However, in the past year or so the bonds have seen a ridiculously high number of purchases.

Reply to
John Smith

I've heard this claim many times before. I bought my first premium bonds a month or 2 ago, so currently I'm not bothered, and if it's true then I'll cash mine in every few years and buy replacements. But has there been any proper studies of this claim? It would appear to be easy to prove or disprove.

Reply to
Alex

In message , John Smith writes

This is the answer I believe. Since the minimum purchase was increased to £100, and because of the extra drive by National Savings for business number of bonds bought and the average number per purchaser has increased hugely thereby by skewing the statistics towards more recent purchasers.

Reply to
john boyle

There was a thread about this on thisismoney.com's forum a while back. There were some people who swore that regularly changing small amounts of bonds improved their chances. However, I seem to recall one lady who had something like 500, could have have been less, and she claimed to keep on winning small amounts all the time plus the odd K prize.

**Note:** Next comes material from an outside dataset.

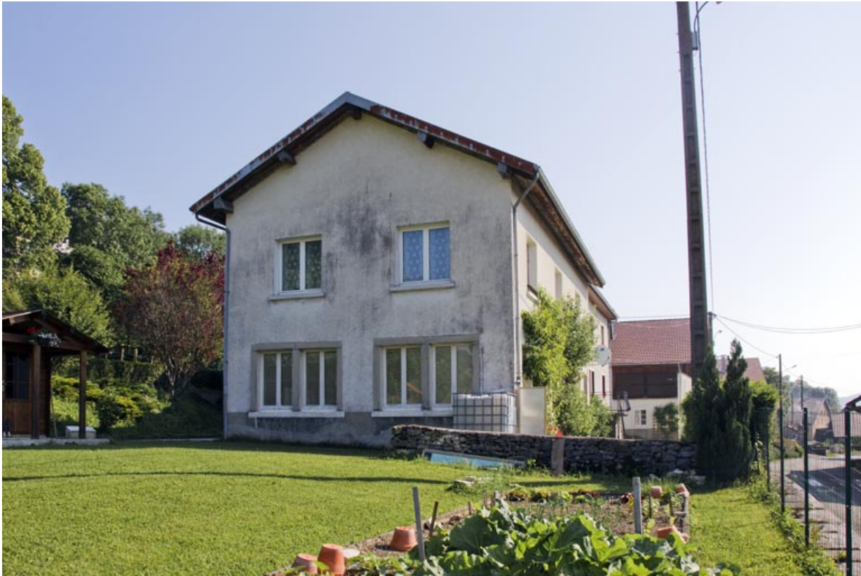
Façade latérale gauche de l'atelier.
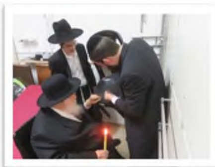
הכנה כפולה לזמני לחץ, לדאוג להיות רגוע ביותר. רבינו בבדיקת חמץ בסבלנות ורוגע במשך כשלוש וארבע שעות.

אירע פעם, וכשבדק את אחד מארונות הבגדים, הוציאו את ערימת הבגדים לבדוק שאין תחתיהם שום חשש חמץ ח"ו, ומתוך מהירות החזירו את הדברים שלא לפי הסדר, נענה רבינו ואמר: צריך לסדר כל דבר במקומו שלא יהיה הדבר לטירחא עבור הרבנית (ע"ה) שכן הצער והטירחא שעלול להיות לה מזה גם הוא דאורייתא!!!

I work in IT and I know that, technically, there is no such thing as a computerised random number generator. All computer systems that choose numbers are biased in some way. This can be seen in some of the computerised US state lottery draws where a certain town, even a certain store, has a ridiculously high number of winners time after time after time.

Reply to
John Smith

In message , John Smith writes

National Savings are at pains to point out that ERNIE is NOT a computer and it shouldn't be compared with such. The basis of this assertion is that it is not programmable, and its existence and technology pre-dates IT as we know it. AIUI it is regularly actuarially audited for 'randomness' and it doesnt use modern computer technology as you know it.

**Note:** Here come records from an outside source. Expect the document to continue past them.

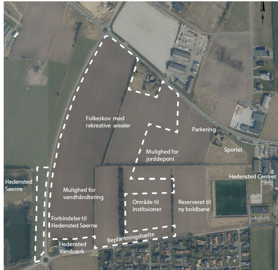
Luftfoto med den kommende folkeskov markeret med hvid stiplede streg og beskrivelse af andre funktioner i området

Mod vest ligger Vestre Ringvej og Hedensted Vandværk. På modsatte side af Ringvejen ligger et større rekreativt naturområde med Hedensted Søerne og erhvervsområdet Kildeparken. Mod syd ligger Årupvej og boligområderne Årupvænget og Årupparken.
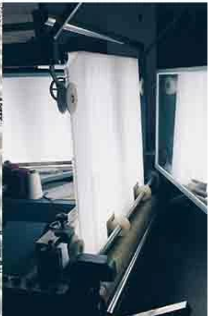
controllo qualità del tessuto
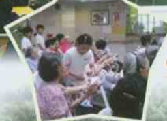
中大領袖發展計劃 ——探訪老人院

As a side issue, a truly random data population will have groupings. It was the existence of such groupings that proved that V1s weren't 'aimed' but just pointed in the general direction of London. The population believed they were aimed at targets because of this grouping, but in reality it was an example of 'random' selection.

Reply to
john boyle

'ERNIE' no longer exists. The Premium Bonds are now drawn by a system put in by, I believe, LogicaCMG.

Reply to
John Smith

"John Smith" wrote

That's strange. My win last month came in an envelope with a "letter" clearly marked as follows :-

"Dear Bondholder A prize from ERNIE! - Congratulations"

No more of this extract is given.